Erewhon is moving ahead with plans to drop a major new outpost into Downtown Los Angeles at 940 S. Hill Street, turning a long-vacant commercial building into a flagship-scale market. The concept pairs a sizable grocery floor with an expanded cafe program and plenty of seating, bringing the chain's signature prepared foods and smoothies to South Park's growing residential core.
Plans and permits
According to a filing with the L.A. Department of City Planning, the market is slated to occupy roughly 17,500 square feet and provide seating for up to 120 diners. The application, logged as case ZA-2026-736-CUB, also seeks a conditional use permit to allow alcohol sales and would keep an existing rooftop lot for up to 46 parking spaces. The case is now parked in City Planning's review queue, where it will work its way through the usual bureaucratic obstacle course.
Design and space
Design work by studio AO calls for reconfiguring the structure to add two extra tenant bays alongside the main market. Plans outline a roughly 5,826-square-foot space at street level and an 8,446-square-foot area in the basement that would sit next to Erewhon's core operations. An Erewhon-linked entity bought the property earlier for about $13.5 million, and reporting indicates the rooftop parking will be preserved for customers and staff.
As detailed by What Now, the company intends to program the location with its familiar mix of grocery aisles, grab-and-go options, and hot-food offerings, only on a scale that suggests this will be a serious DTLA statement piece.
Site history and legal baggage
The Hill Street parcel arrives with some political mileage on it. It was once entitled for a 20-story apartment tower linked to developer Dae Yong Lee, a project that later became entangled in the federal corruption probe surrounding former City Councilmember José Huizar. Lee was accused of paying cash to influence approvals, according to Courthouse News, and has since been sentenced, per a Department of Justice release.
This is not Erewhon's first flirtation with the block. A 2018 proposal to land a store at 9th and Hill ultimately fizzled, with the deal abandoned by 2020, according to commercial real estate reporting from RENTV. The new plan effectively gives the chain another shot at planting its flag in the neighborhood.
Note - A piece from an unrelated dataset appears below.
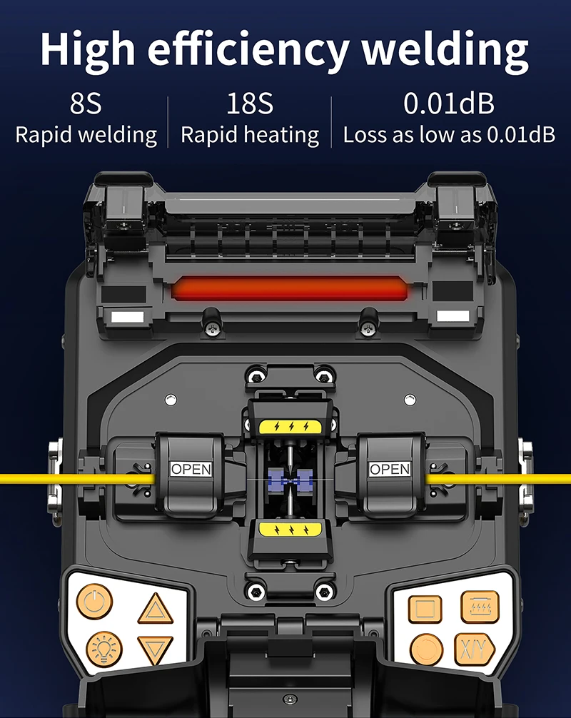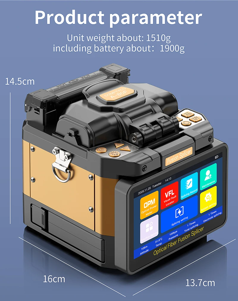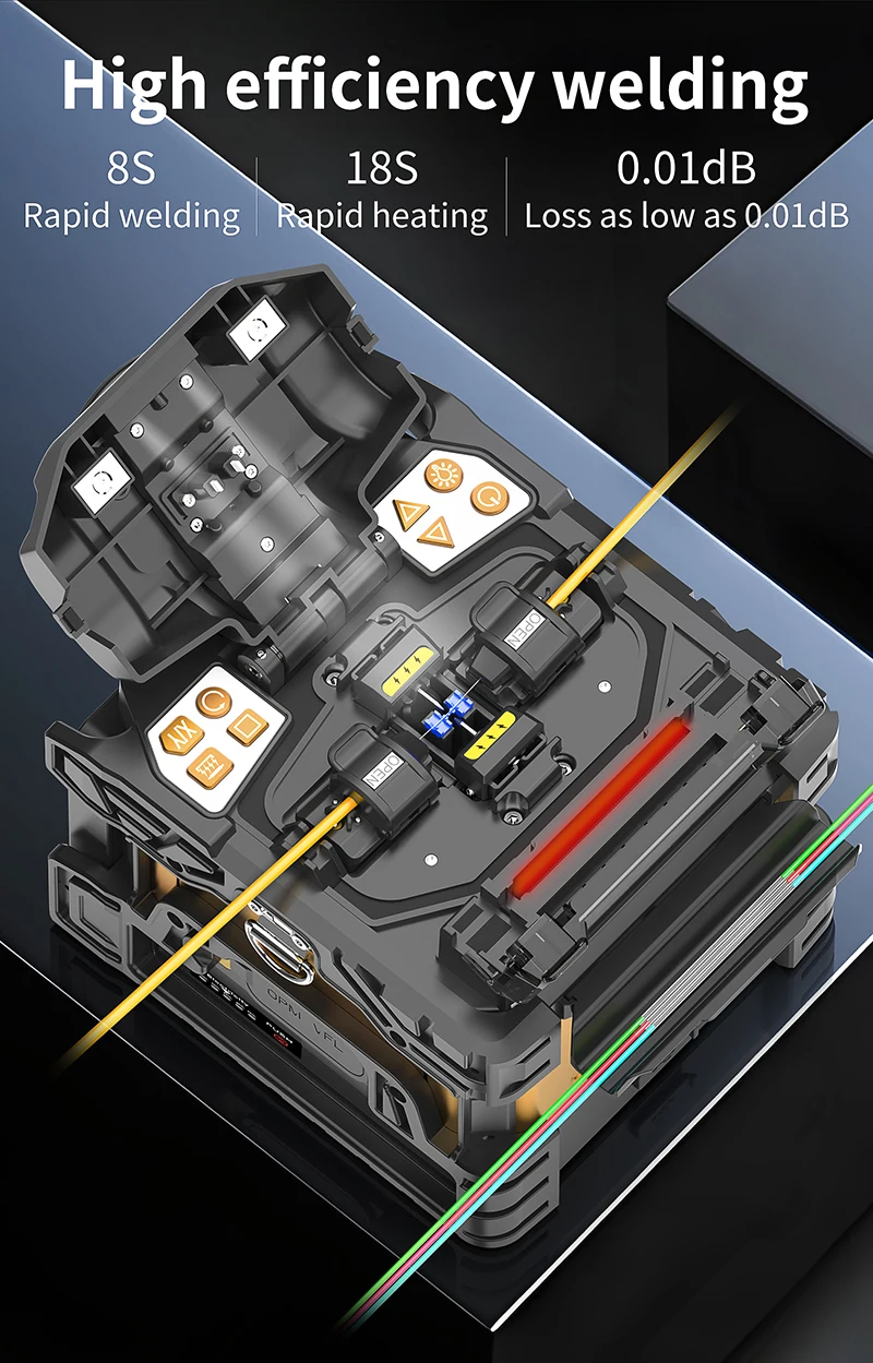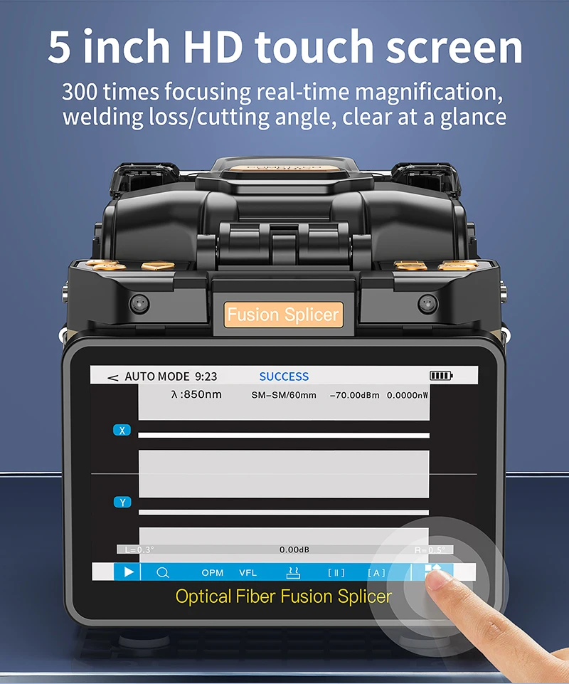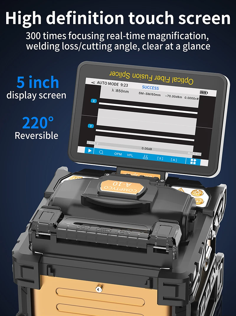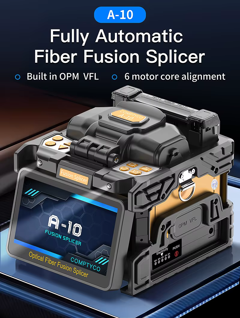 Empalmador de fibra Fuison totalmente automático, 6 motores, A-80F/A-10, pantalla táctil multilingüe, máquina de fusión en caliente de fibra óptica, VFL OPM integrada

What comes next for neighbors
The latest filing now heads into City Planning's public review process, where the alcohol request will be weighed under standard Conditional Use Permit rules or, if it qualifies, through streamlined administrative review. The city's Restaurant Beverage Program can speed approvals for certain sit-down restaurants in specific areas, but a traditional CUP typically comes with conditions, environmental review, and a public hearing that can determine operating hours, service rules, and other fine print, as outlined by the L.A. Department of City Planning.
Urbanize LA notes that there is no public construction or opening schedule on file yet, so neighbors should expect more information to surface as hearings are scheduled in the coming months. For now, South Park residents can safely assume that their next hyper-local grocery upgrade is inching its way through City Hall.